Narges Mohammadi, Passing Traces, (700 kg halva (bloem, suiker, boter en cardamom), Royal Academy of the Arts the Hague (KABK).
Foto Io Sivertsen/ Copperfield

Het is ongemakkelijk omdat musea tot op zekere hoogte toch ‘reservaten’ zijn voor kunst die dit soort kwesties aanstippen zonder veel effect in bijvoorbeeld de politiek.

Maar tegelijkertijd laat deze expositie ook iets anders heel essentieels zien. Namelijk dat kunst zelfs in de allermoeilijkste omstandigheden wordt gemaakt. De kunstgeschiedenis leert dat tijdens oorlogen, op de vlucht, in schuilkelders en gevangenkampen kunst wordt gemaakt – altijd. Kunst is dus essentieel voor de mens. Creatieve expressie onderstreept individualisme en bestaansrecht.
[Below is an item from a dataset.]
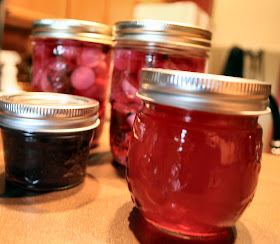 And, while I was making a mess in the kitchen, I decided to make some pickled radishes: since I have tons of the things, & I'm the only one who will eat them raw: thought maybe the husband & the girl might actually eat them as pickles...we'll see. The jars turned out so pretty: the skins turn the pickeling liquid a nice purplely-pink color...we'll find out later if they taste ok....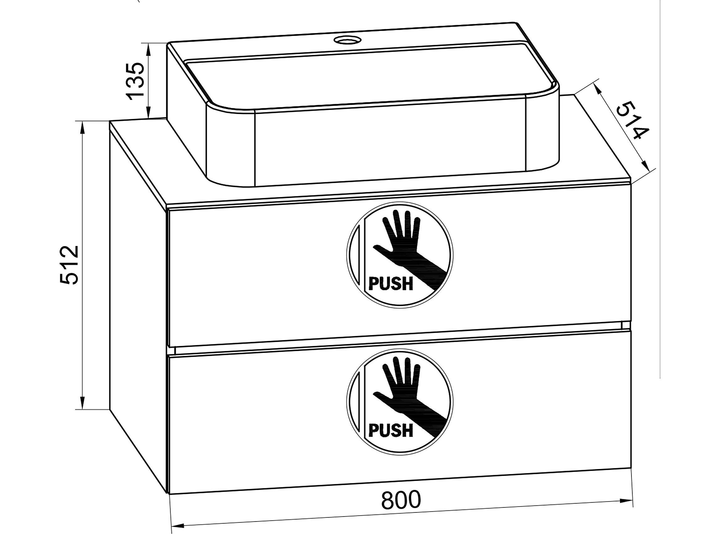 Bathroom furniture washbasin Lendas Honey oak H. 52 x W. 80 x D. 52 cm

En dat sluit aan bij de hier aangedragen basisbehoefte van het hebben van een thuis.

Al nam vooral Kadyrova nog een duidelijke stap buiten het museale reservaat. Ze heeft haar tafel met broden verkocht aan Museum Voorlinden, en de opbrengsten gebruikt voor kogelvrije vesten, benzine, voedsel en medicijnen voor vrijwilligersorganisaties in Marioepol en Charkiv. Inderdaad, voor thuis.